I would like to know if there is a way to reorder the column positions of an xdf dataset. For example, if I have an xdf dataset with columns [,a],[,c],[,b], I would like to reorder the columns to [,a],[,b],[,c] without having to create a dataframe, reorder the columns, and use RxImport or rxDataFrameToXdf to convert it back to an xdf file (because the xdf file potentially has 100s of millions of rows and I don't want to write the dataset to memory).
One potential solution I see is using the rxSetVarInfoXdf function, which has information on the column position.
Something like: Swap positions for columns 2 and 3
varInfo <- list(list(position = 2, position = 3), list(position = 3, position = 2))
But this will not work as position is a value which you call to reference the column but not to change it.
You can use varsToKeep
in rxDataStep
to reorder your columns, which keeps it all in XDF. I'm not totally certain about this, but I believe this all happens in C++ - so it should be relatively quick.
# First, set up pointers to the source XDF file
sourcePath <- file.path(rxGetOption("sampleDataDir"), "mortDefaultSmall.xdf")
# Look at the top several rows
rxDataStep(sourcePath, numRows = 10)
# Create a new path for the reordered dataset
reorderPath <- paste0(tempfile(), ".xdf")
# If you've got a lot of columns and only want to move one, you probably
# don't want to type them all out.
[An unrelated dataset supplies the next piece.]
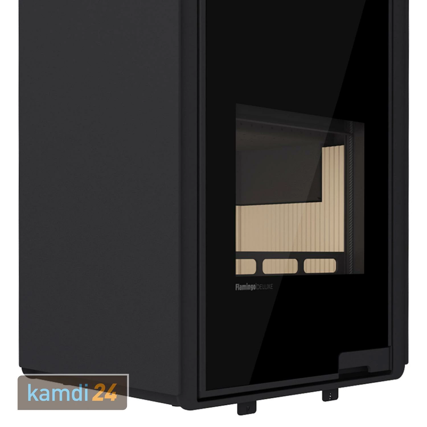ist mit nützlichen Details ausgestattet. Die Scheibe der Brennraumtür ist an den Rändern geschwärzt. Dadurch erhält der schicke Ofen eine edle Optik. Die integrierte Scheibenspülung sorgt dafür, dass Sie lange einen ungetrübten Blick auf die Flammen genießen. Die Brennraumdichtung ist sehr langlebig, wodurch sie nicht jede Saison erneuert werden muss. Dank des Aschebehälters werden die Verbrennungsrückstände aufgefangen und können später leicht entfernt werden.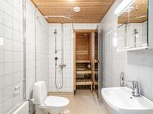 Tervetuloa tutustumaan tähän 36 m²:n tilavaan hissitalon 3. kerroksen yksiöön, jossa on erinomainen pohjaratkaisu ja kaikki mukavan asumisen elementit kompaktissa paketissa. Koti avautuu valoisaan olohuonetilaan, josta on käynti suurelle parvekkeelle – täydellinen paikka rentoutumiselle ja kesäpäivien vietolle. Keittokomero on sijoitettu käytännöllisesti olohuoneen yhteyteen, ja sen selkeä layout tekee ruoanlaitosta sujuvaa. Asunnon kruununa on oma sauna sekä tilava kylpyhuone, joissa on hyvin tilaa arjen pyykkihuollolle. Eteistilassa on runsaasti säilytyskaappeja, jotka pitävät arjen toimivana ja kodin siistinä. Toimiva pohja, hyvät säilytystilat ja oman saunan tuoma lisämukavuus tekevät kokonaisuudesta houkuttelevan.

Try this instead:
varNames <- names(rxGetVarInfo(sourcePath))
varToMove <- "creditScore"
otherVars <- varNames[!varNames %in% varToMove]
# Reorder them using varsToKeep - just put varToMove at the end
rxDataStep(inData = sourcePath,
outFile = reorderPath,
varsToKeep = c(otherVars, varToMove),
overwrite = TRUE
)
# Check that the order has changed
rxDataStep(reorderPath, numRows = 10)